You have probably wondered why our school chapel’s icon, statues, and crucifixes are veiled with purple cloth. Covering of religious images is a tradition for the last two weeks of Lent, a period we call Passiontide. So why do we have this tradition?
One explanation recalls that Jesus’, when His enemies sought to kill Him, hid Himself prior to His final days: “Jesus left and hid from them.” (John 12:36) Others see in this veiling a symbol for how Jesus’ divinity was veiled within His humble and vulnerable humanity. He was God incarnate, but none of the rulers of His age knew, “for if they had known it, they would not have crucified the Lord of glory.” (1 Corinthians 2:8) But behind all of this I think there is a very human reason for why we veil the holy images of Jesus and the saints at Passiontide. “Absence makes the heart grow fonder.”
During Lent we deprive ourselves of luxuries and pleasures for our personal conversion and growth in holiness, but we also do this so that we can celebrate the Christ’ Easter triumph with an even greater feeling of joy. This is why we normally don’t sing as much (or say the Gloria or the “A”-word before the Gospel) during Lent—so that we can enjoy pulling out all the stops at Easter.
Veiling our statues of Mary and Joseph, our wall icon of Elizabeth Ann Seton, and our crucifixes causes a little pain of separation within us. But what if this chapel had never been furnished? What if our chapel had always been bare of religious art? Then their absence would not affect us at all because we would not know that we were missing them.
There are not as many students here today as there should be. Now I’m not saying that this should have been a whole school Mass, and I’m not begrudging anyone who may have stayed in study hall this hour to work on homework. This is a great turn out and every seat is filled. But still, there are not as many students here as should be here today.
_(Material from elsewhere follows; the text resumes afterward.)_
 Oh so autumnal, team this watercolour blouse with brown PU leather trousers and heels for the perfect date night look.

In the early nineties, when most of you were born, for every three live births in our country there was one boy or girl who was intentionally killed. (CDC) I counted roughly 33 students here today. That means we are missing 11 of your classmates who were not allowed to be born.
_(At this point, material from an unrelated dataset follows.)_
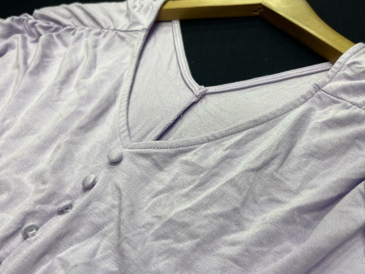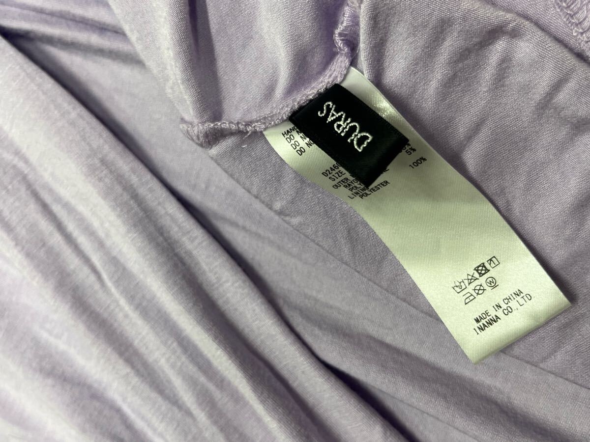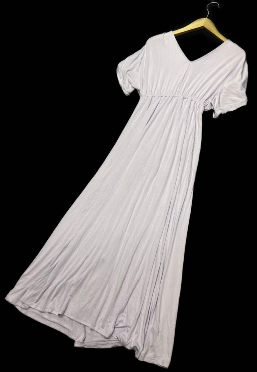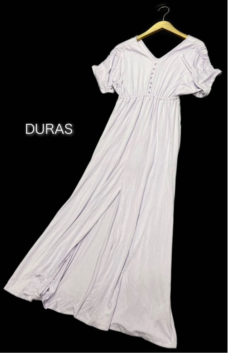 DURAS★デュラス★(F)Vネック 半袖 カットソー ロング ワンピース 前スリット/ラベンダー系

Today we recall the Annunciation, which some people call “Pro-Life Christmas,” for even though Jesus will be born nine months from now, today is the day of the Incarnation, when God became a human being like us in the womb of the Virgin Mary. After the angel Gabriel departed, Mary went in haste to see her relative. Elizabeth exclaimed, “Who am I that the mother of my Lord should come to me,” and John the Baptist leapt for joy in his mother’s womb in the presence of our microscopic Savior, Jesus Christ. (Luke 1:43-44)
Imagine if 11 of your classmates were to die in a bus accident. You would you feel terrible from the loss, and our whole school would be in mourning. But we have never known the 11 who are missing here today, so we do not feel our loss.
At this Mass and henceforth, let us keep the following things in mind regarding the past, present, and future. As to the past, remember these absent classmates and pray for them. They never received a name, they never had a funeral, and few people have ever prayed for them. Pray for their parents, too.
In the present, perhaps you honestly find yourself not feeling much emotion one way or the other towards the reality of one million innocents being murdered in our country every year. If so, then ask God to give us His heart and His sight to love what He loves and to hate what He hates. God loves us all, but He hates our sins. He hates our sins because they are bad for us, and the worse they are for us the more He hates them. His love for us and His hatred for our sins are two sides of the same coin. Blessed Mother Teresa of Calcutta said “the greatest destroyer of peace today is abortion.” The Lord’s heart is certainly not indifferent to this evil, and neither should ours be.
And finally, for the future, keep hope that this evil of abortion will come to an end in our time. We can have this hope, for as the angel Gabriel said to Mary, “nothing will be impossible for God.”